BDBC's Cabinet Member for Environment and Enforcement Cllr Hayley Eachus said: “Fly-tipping is a blight on our borough and it’s heartening to see that most residents agree and continue to dispose of their waste properly.

"The number of reported fly-tipping incidents remains virtually the same when compared to the same period last year [in Basingstoke and Deane]. This is despite measures put in place during the COVID-19 outbreak to help protect residents and staff, including moving to alternate weekly waste collections and the temporary closure of the Household Waste Recycling Centre at Wade Road by the county council.

“I would like to again thank the vast majority of our residents for their understanding during this difficult time and for their efforts to recycle more and store dry waste at home, rather than fly-tipping. In doing so, they have played a key part in allowing our stretched resources to focus on providing essential help to the most vulnerable people in our borough during the COVID-19 outbreak.

“However while the recent number of fly-tipping incidents is similar to the same time last year, any fly-tipping remains entirely unacceptable and we will take action against those responsible. Whether it is on public or private land, I would encourage anyone with any information about an incident to contact us directly either online at or by phoning 01256 844844.”

Meanwhile, a spokesperson for Hart District Council said: "Hart District Council takes the issue of fly-tipping extremely seriously and will look to prosecute anyone identified as doing so. It is a criminal offence with a maximum penalty of £50,000.

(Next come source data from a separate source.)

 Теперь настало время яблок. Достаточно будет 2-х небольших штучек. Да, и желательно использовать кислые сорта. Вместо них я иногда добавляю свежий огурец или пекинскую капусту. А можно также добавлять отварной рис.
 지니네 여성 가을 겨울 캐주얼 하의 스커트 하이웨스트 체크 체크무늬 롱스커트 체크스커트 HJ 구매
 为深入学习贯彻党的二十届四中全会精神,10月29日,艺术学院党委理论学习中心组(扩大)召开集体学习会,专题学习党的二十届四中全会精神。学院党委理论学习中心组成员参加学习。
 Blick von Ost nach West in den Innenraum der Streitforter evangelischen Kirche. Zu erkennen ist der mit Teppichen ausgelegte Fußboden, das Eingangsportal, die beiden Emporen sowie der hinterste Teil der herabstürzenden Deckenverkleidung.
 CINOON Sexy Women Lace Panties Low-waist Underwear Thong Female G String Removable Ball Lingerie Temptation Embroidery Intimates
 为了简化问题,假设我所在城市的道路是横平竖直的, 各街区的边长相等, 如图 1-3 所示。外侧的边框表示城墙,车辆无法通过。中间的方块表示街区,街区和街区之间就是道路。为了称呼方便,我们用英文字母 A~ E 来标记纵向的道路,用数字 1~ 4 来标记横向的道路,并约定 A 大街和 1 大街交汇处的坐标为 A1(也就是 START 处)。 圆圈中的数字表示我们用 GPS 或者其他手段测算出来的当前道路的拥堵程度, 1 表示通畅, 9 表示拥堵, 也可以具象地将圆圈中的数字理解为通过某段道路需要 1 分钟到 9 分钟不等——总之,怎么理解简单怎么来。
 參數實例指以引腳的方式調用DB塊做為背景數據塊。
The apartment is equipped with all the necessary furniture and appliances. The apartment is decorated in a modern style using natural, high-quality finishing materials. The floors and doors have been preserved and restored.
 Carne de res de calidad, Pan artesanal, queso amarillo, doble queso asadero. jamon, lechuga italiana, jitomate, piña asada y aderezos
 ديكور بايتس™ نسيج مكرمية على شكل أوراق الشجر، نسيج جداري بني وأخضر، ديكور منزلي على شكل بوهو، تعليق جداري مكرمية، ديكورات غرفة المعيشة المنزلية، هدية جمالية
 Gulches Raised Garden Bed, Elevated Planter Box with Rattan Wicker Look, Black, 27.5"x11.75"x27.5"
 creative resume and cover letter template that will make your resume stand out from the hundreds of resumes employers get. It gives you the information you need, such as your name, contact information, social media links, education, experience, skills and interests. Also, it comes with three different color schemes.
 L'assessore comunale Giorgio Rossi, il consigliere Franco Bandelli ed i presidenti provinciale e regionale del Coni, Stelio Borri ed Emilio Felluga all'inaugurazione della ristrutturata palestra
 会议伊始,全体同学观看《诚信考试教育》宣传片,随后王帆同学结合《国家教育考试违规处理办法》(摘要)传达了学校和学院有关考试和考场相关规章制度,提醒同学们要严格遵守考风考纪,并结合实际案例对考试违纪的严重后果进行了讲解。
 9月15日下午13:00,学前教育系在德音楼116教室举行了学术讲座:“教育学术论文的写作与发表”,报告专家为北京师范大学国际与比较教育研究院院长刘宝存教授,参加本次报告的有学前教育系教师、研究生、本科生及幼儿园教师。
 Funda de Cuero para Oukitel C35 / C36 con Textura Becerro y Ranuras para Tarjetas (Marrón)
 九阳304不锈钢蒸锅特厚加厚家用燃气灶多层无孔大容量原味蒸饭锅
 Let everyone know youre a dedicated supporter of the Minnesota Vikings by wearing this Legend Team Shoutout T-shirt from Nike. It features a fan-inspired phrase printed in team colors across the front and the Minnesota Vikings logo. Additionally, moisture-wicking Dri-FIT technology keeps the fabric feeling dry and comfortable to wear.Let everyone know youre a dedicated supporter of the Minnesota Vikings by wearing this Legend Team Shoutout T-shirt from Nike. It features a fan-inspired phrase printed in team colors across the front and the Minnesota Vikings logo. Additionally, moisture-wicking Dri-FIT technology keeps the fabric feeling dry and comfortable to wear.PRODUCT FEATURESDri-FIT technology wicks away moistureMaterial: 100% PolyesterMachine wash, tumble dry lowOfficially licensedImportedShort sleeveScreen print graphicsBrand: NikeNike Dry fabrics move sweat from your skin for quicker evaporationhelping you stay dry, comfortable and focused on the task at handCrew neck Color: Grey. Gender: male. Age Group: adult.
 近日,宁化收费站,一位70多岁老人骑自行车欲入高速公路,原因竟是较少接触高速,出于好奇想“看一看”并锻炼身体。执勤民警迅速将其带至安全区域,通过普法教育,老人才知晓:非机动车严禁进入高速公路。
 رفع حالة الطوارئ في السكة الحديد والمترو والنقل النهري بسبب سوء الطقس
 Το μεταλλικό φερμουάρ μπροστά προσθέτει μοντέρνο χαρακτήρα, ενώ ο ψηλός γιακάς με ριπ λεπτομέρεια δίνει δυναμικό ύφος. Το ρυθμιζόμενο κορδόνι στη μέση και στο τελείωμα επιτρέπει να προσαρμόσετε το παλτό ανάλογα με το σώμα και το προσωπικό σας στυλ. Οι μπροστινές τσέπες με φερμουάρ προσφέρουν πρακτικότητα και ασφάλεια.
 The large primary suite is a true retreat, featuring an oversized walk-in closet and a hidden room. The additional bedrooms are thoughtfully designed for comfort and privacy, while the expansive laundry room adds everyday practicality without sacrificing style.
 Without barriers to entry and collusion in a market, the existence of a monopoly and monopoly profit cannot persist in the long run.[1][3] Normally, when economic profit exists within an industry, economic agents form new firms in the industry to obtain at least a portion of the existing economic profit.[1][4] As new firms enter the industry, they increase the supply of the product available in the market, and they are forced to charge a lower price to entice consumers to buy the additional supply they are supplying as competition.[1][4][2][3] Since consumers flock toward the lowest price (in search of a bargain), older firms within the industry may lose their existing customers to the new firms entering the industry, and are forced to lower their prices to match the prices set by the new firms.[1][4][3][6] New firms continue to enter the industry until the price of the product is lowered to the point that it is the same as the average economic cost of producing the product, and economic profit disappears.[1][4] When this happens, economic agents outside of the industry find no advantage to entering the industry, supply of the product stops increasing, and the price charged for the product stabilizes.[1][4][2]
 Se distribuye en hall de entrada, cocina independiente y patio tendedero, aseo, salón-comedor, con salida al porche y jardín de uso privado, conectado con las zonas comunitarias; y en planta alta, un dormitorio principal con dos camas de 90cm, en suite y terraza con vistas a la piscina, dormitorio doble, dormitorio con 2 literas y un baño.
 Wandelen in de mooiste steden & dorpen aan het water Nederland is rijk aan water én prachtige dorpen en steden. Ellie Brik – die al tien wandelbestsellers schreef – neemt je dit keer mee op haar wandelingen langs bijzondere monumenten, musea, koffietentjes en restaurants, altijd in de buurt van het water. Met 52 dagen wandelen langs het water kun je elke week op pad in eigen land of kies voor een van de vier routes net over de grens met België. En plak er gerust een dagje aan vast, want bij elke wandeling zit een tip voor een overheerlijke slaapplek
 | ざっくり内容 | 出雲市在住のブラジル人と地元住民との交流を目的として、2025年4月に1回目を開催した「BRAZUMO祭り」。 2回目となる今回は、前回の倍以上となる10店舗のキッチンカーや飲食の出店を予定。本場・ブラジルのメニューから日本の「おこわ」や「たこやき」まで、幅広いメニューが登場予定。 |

"Fly-tipping involving the use of a vehicle may also have serious consequences to the vehicle owner as the courts can order its seizure.

"We spend considerable amounts of time and money removing fly-tipped rubbish from country lanes, waste ground and even alongside other people’s houses. We urge residents to call our Contact Centre on 01252 622122 if they believe someone is fly-tipping, giving details of the incident, and, if possible, a vehicle registration number. Alternatively they can report it online through fixmystreet at

"The Council can only remove dumped rubbish from public land. Rubbish dumped on private land is the responsibility of the landowner."

Hampshire County Council have been contacted for comment, but have not responded so far.


What is fly-tipping?

According to Keep Britain Tidy, fly-tipping is defined as the ‘illegal deposit of any waste onto land that does not have a licence to accept it’.

Tipping a mattress, electrical items or a bin bag full of rubbish in the street causes a local nuisance and makes an area look ugly and run down. At the larger end of the scale fly-tipping can involve several truckloads of construction and demolition waste being tipped on different types of land.

Uncontrolled illegal waste disposal can be hazardous to the public, especially if it contains toxic material or asbestos. There could be a risk of damage to watercourses and soil quality from the dumped waste.

In 2016/17 more than one million incidences of fly-tipping were dealt with by councils in England. The estimated cost of clearing up this waste was over £58 million.

Fly-tipping is a serious criminal offence for which you can be prosecuted. The courts have various powers available to them to tackle fly-tipping, including imprisonment, substantial fines of up to £50,000 orders to pay costs and an order to deprive rights to a vehicle used to commit the offence.